Honey Jar
For the past few months, Raghu Ananthanarayanan Ajay Viswanath and I at Ritambhara have been facilitating an intense "modern" exploration of Patanjali Yoga Sutras with a group of passionate French Yoga students and teachers, and the last class happened a few days ago!
It was quite an emotional day for me as each of us presented how we applied this learning to our lives! Much as I had expected, I broke down while talking about how this learning has helped me navigate the waters of entrepreneurship.
You can check out
the presentation here if you can follow the churning meme evocations to mirror the churning inside.
Four years into this game, I totally get it when someone once said that entrepreneurship is a game where you slowly start to relish the taste of your blood, having been knocked on your face several times.
Learning Yoga and practicing Yoga in everyday life through the lens of Patanjali Yoga Sutras has helped me stay the course and remain sane in my home with my wife and kid while I breathe the air of uncertainty day in, and day out in the work I do.
Much like all the incredible things that happened in my life, including agriculture, I accidentally fell into this jar of honey and soon realized that this mind of mine which flits like a bee becomes still, every time I tasted the wisdom of this learning.
I started to crave so badly for this honey jar that I searched for it in everything I did.
At first, my life partner discovered the taste of this honey and became a Yoga therapist. Soon enough, I found a group of seekers who were equally craving for this honey jar like me. It felt further like a blessing. I wasn't the only crank in this world who had such weird obsessions.
Thank goodness.
As time passed by, I became more ambitious. Why can't I design a career around this honey jar? This ridiculous idea couldn't have been possible had I not met my mentor Raghu Ananthanarayanan.
For the longest period of my life, I chased gurus who promised enlightenment and somewhere secretly craved asceticism in my life.
When I first met him in 2013 he said something that startled me.
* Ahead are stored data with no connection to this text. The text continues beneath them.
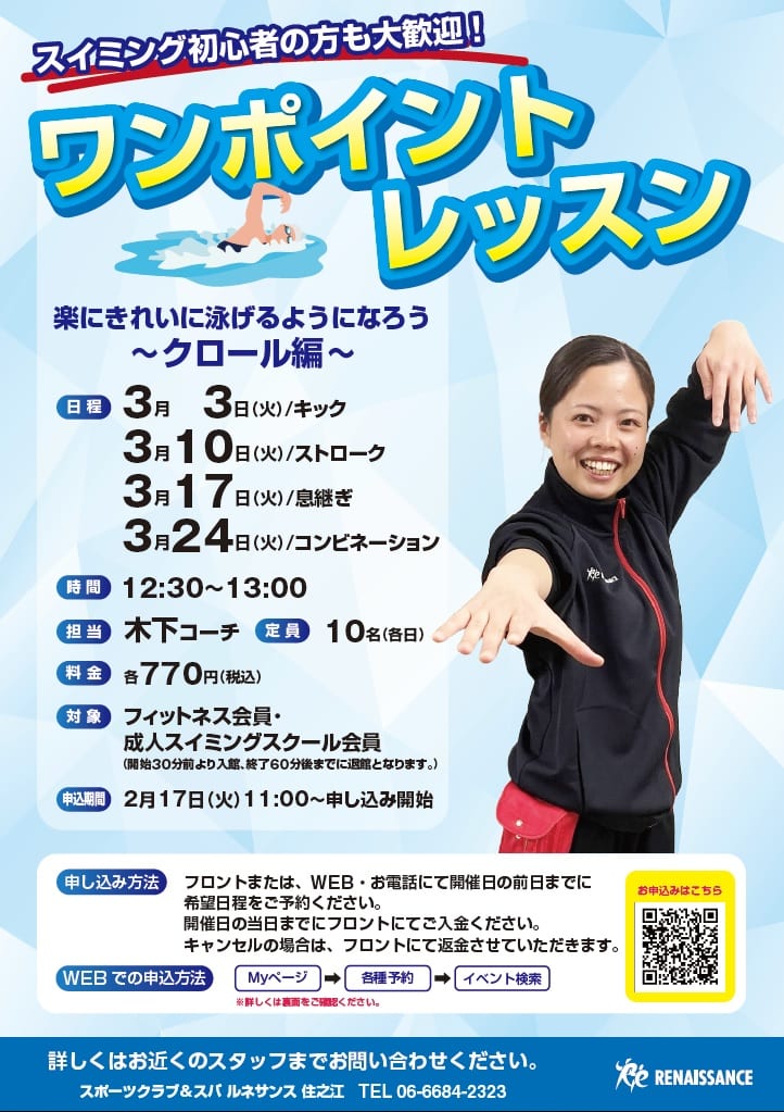 こんにちは!スイミングの木下です! いつもレッスンへのご参加ありがとうございます♪ 今回、成人スイミング会員さま・フィットネス会員さま向けにクロールのワンポイントレッスンを開催します! 「クロー・・・・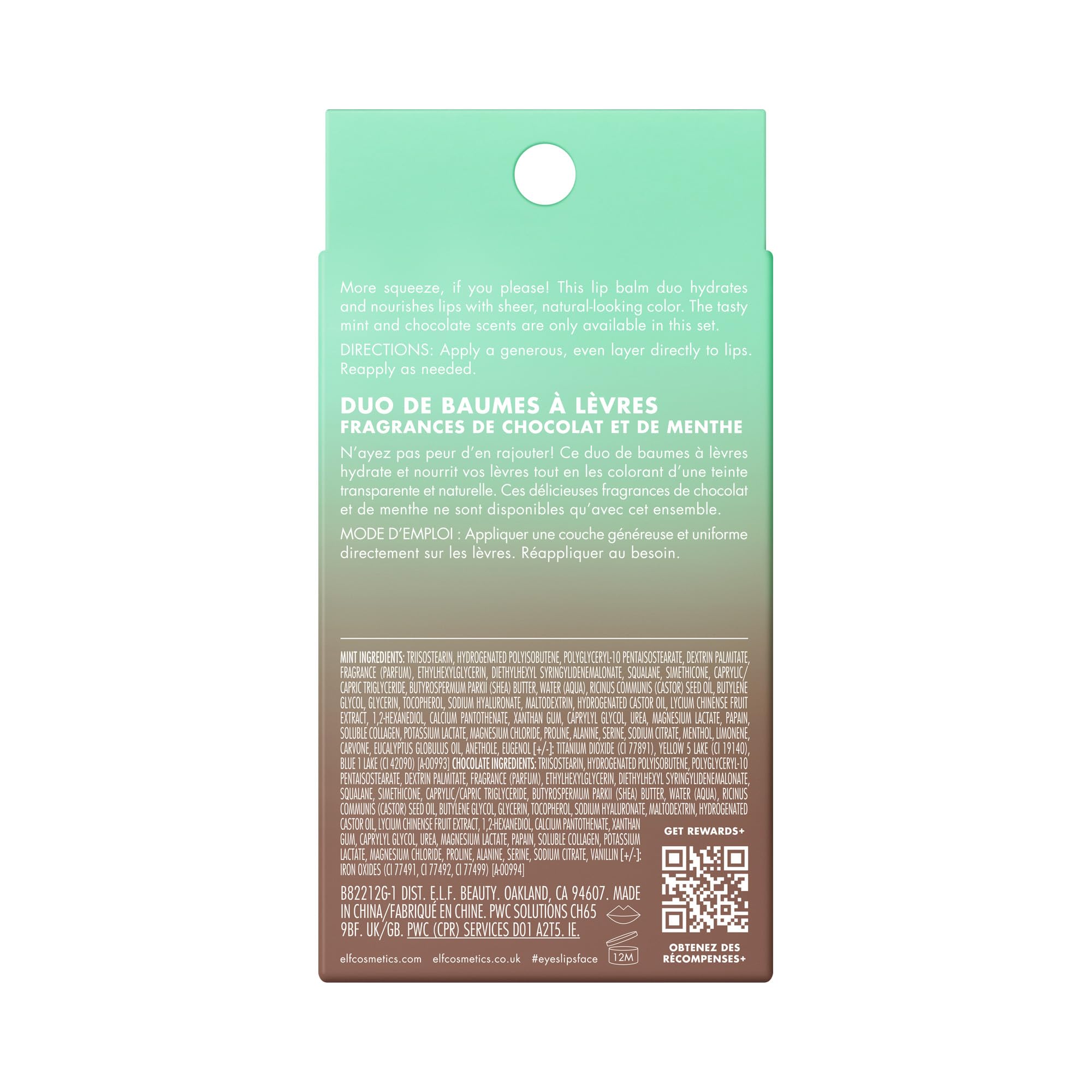 The juiciest e.l.f.ing duo for hydrated lips and a sheer kiss of natural-looking color. This lip set features a pair of our fan-fave Squeeze Me Lip Balms in 2 new, exclusive scents and shades that YOU picked—Mint and Chocolate! These pocket-sized, lightweight lip balms are perfect for on the go. What it is: A lip set featuring moisturizing Squeeze Me Lip Balm in 2 exclusive new shades for nourished lips with a super sheer kiss of natural-looking color. Why you’ll love it: Set of 2 Squeeze Me Lip Balms in new and exclusive scents and shades that YOU picked —Mint and Chocolate Lightweight, hydrating formula Super sheer kiss of natural-looking color Squeeze tube with slanted tip applicator for easy application on the go Boosted with nourishing ingredients Ingredients may change or vary from time to time. Please refer to the packaging of the product received for the list of ingredients in your particular product. All e.l.f. products are proud to be 100% vegan, cruelty-free, and Leaping Bunny Certified. Because kindness is chic.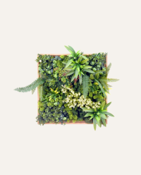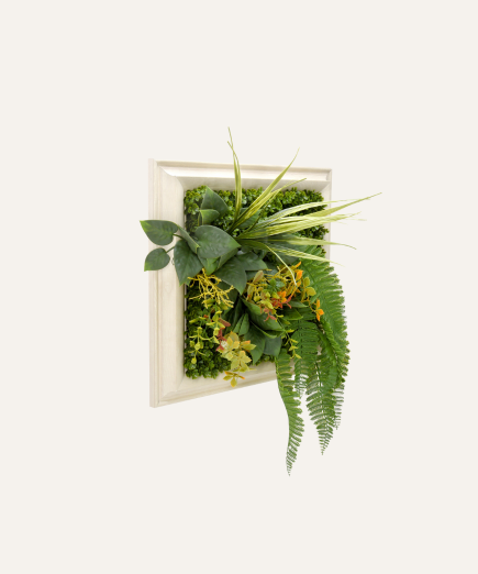 Evita químicos fuertes: No uses productos de limpieza agresivos, ya que pueden dañar el color y el material del cuadro vegetal.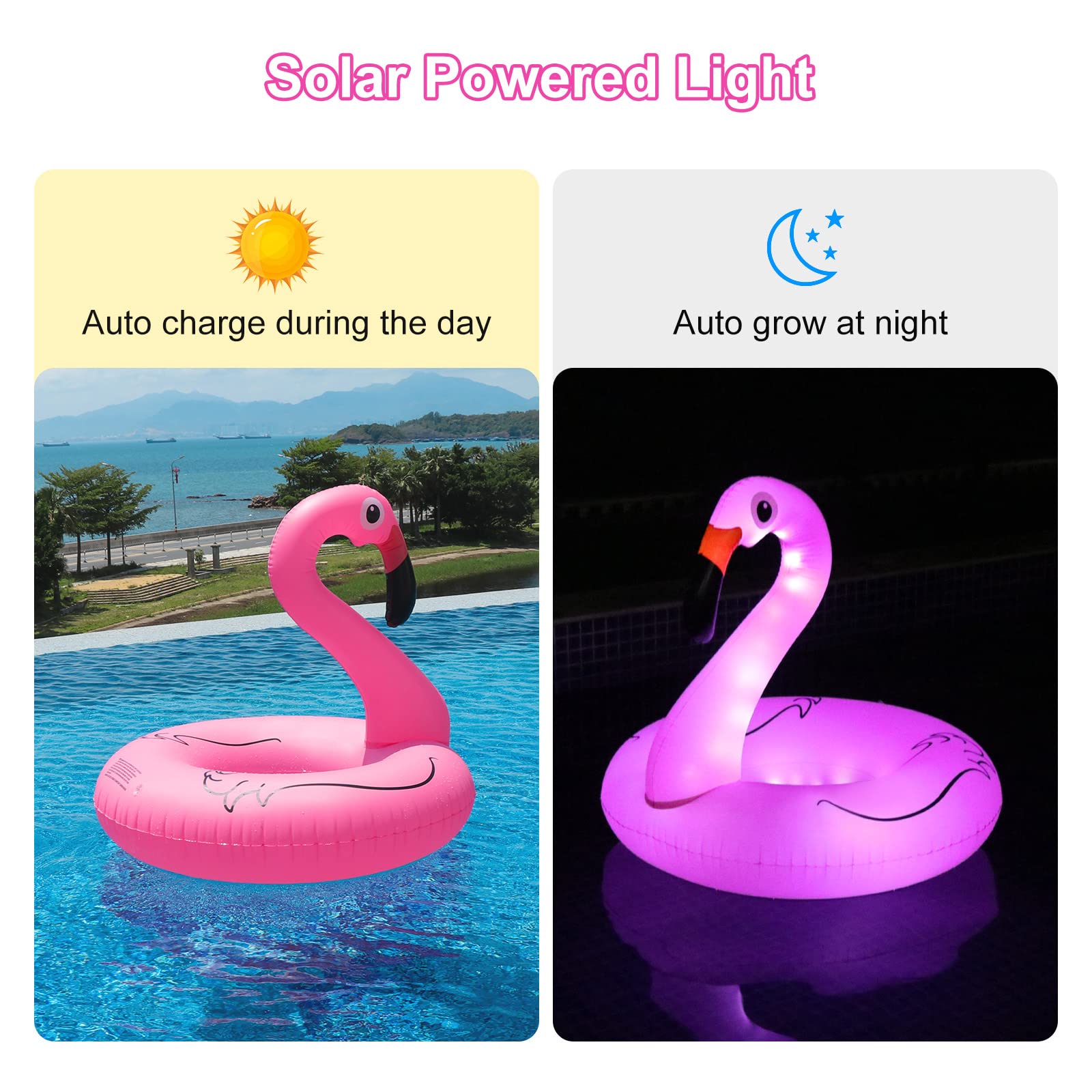 - Q: How does the solar-powered lighting work on the Flamingo Inflatable Pool Float? A: The solar-powered lighting on the Flamingo Inflatable Pool Float charges during the day when exposed to sunlight. Once fully charged, the lights automatically turn on at night, providing a beautiful glow that enhances your pool experience for up to 6 to 8 hours.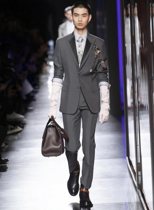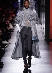 Ως πρωτότυπο παράδειγμα μιας κομψής ανδρικής εικόνας σε κλασικό στυλ, μπορείτε να δώσετε το σύνολο που παρουσιάστηκε στις τελευταίες επιδείξεις μόδας από τη μάρκα Dior Men. Ως βάση για αυτήν την εικόνα, οι σχεδιαστές του οίκου μόδας πήραν ένα κλασικό ανδρικό κοστούμι δύο τεμαχίων σε χρώμα γραφίτη, συμπληρώνοντάς το με ένα γκρι μαργαριτάρι πουκάμισο και γραβάτα με πρωτότυπο print.

In Indian thought, the central idea of heroism is linked with that of the householder.
Can a householder discover heroism in what he or she does for a living? Maybe, it is a genetic defect in me. I've realized that my internal barometer for meaningness is much much higher than anyone else and I had to design a career that made me feel satiated.
Now that four years have passed since discovering this game, I realize that I have a lot to thank my stars for letting me play this game. I have a long way to go. Hopefully, I will make this game work.